Alstom proposed hs2 train[1]

Former High Speed 2 (HS2) technical director Andrew McNaughton has attempted to set the record straight on the speed of the line, after claims that slowing down trains could cut project costs. 

In a letter to New Civil Engineer McNaughton hit back at those calling for the speed to be slashed, claiming that doing so would only have a “small effect” on cost but would be a “major dis-benefit” to passengers. McNaughton played a pivotal role in setting the speed of the line.

HS2 Ltd is currently under pressure to cut costs after confirming that the price for building the line was currently coming in above the allotted £27bn budget (including rolling stock) for phase 1between London and Birmingham.

The forecast speed of the line has come under particular scrutiny, with trains travelling at 360km/h or 320km/h in tunnels. When complete it will be one of the fastest high speed rail services in the world.
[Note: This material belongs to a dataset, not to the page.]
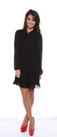 Smart collar, flattering chiffon sleeves, buttons and lace detail on the chest and a pretty pleated, short flowing skirt. Elasticated waistline which is very flattering.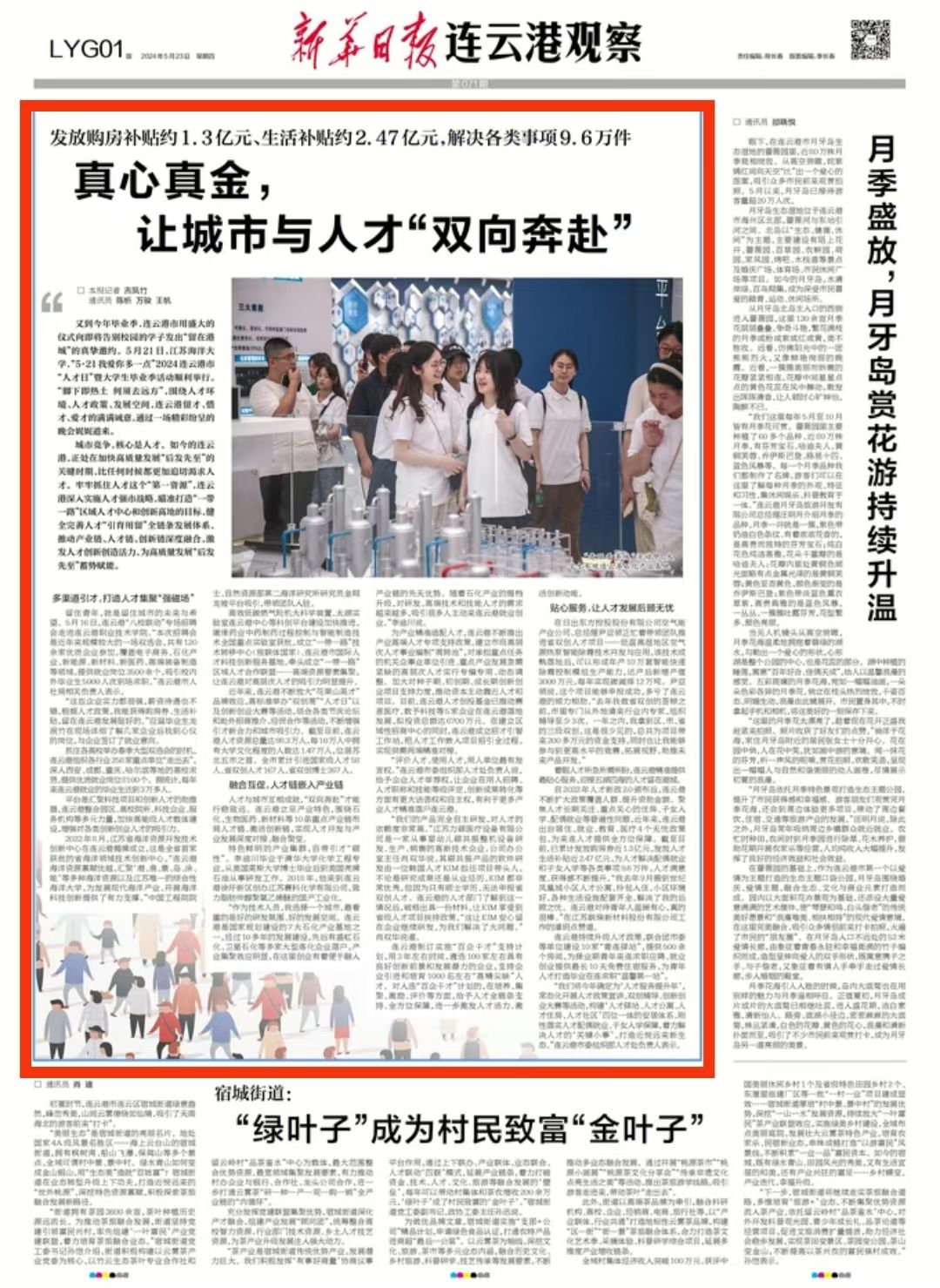 自2022年人才新政2.0颁布后,连云港不断扩大政策覆盖人群、提升资助金额。聚焦人才长期关注、重点关心的住房、子女入学、配偶就业等普遍性问题,近年来,连云港出台居住、就业、教育、医疗4个无忧政策包,为来连人才提供全方位保障。截至目前,已累计发放购房券近1.3亿元,发放人才生活补贴近2.47亿元,为人才解决配偶就业和子女入学等各类事项9.6万件,人才满意度、获得感不断提升。“我去年9月搬到世纪凤凰城小区人才公寓,拎包入住,小区环境好,各种生活设施配套齐全,解决了我的后顾之忧。连云港对待青年人温暖有心,真的很棒。”在江苏联瑞新材料股份有限公司工作的潘玥点赞道。

Last February National Infrastructure Committee commissioner and economist Bridget Rosewell said “she had never understood why” the new high speed line was looking to run trains at 360km/h and the additional cost that incurred.

But in a letter to New Civil Engineer, McNaughton – who stepped down from the role last year after having held the post since the project’s inception - said that the current design speed had been meticulously calculated to provide the “best balance” between cost and passenger journey times.

“The selected design speed arose from the best balance at any point of passenger journey time benefits, cost and impacts, which is why it changes along the route from as low as 230km/h approaching terminals to as high as 360km/h in open country,” says the letter. 

“This was set out in the 2011 Public Consultation. People responded with challenges about going slower (or faster) and in particular the sections laid out for the highest speeds were reviewed to see what would change were the speed there to be lowered.

“Because the railway threads carefully between communities and key features rather than circling around them, the alignment was shown not to alter even with significantly lower speeds.”

He added: “Going slower had a small effect on cost and impact but a major dis-benefit to the 230,000-plus daily travellers who will use it for many decades. This was reported in the Environment Statement given as evidence to Parliament and, like the public consultation documents, was and is all available as a matter of factual record. It is a good (if lengthy) read for those seeking to understand HS2 better.”

He was replying to letters from Alistair Muir in the May print edition and Roger Curtis in the June edition

Muir said that the speed seemed to have been chosen for no better a reason than the “boys toys” logic of wanting a train as fast as a French TGV.  Curits compared HS2 with the French TGV system. But McNaughton’s letter says that HS2 is based on the Japanese rail system.

“HS2 is not inspired by the French system; rather, if anything, by the Japanese – very high frequency and reliability whilst minimising journey time for very large numbers of people,” he said.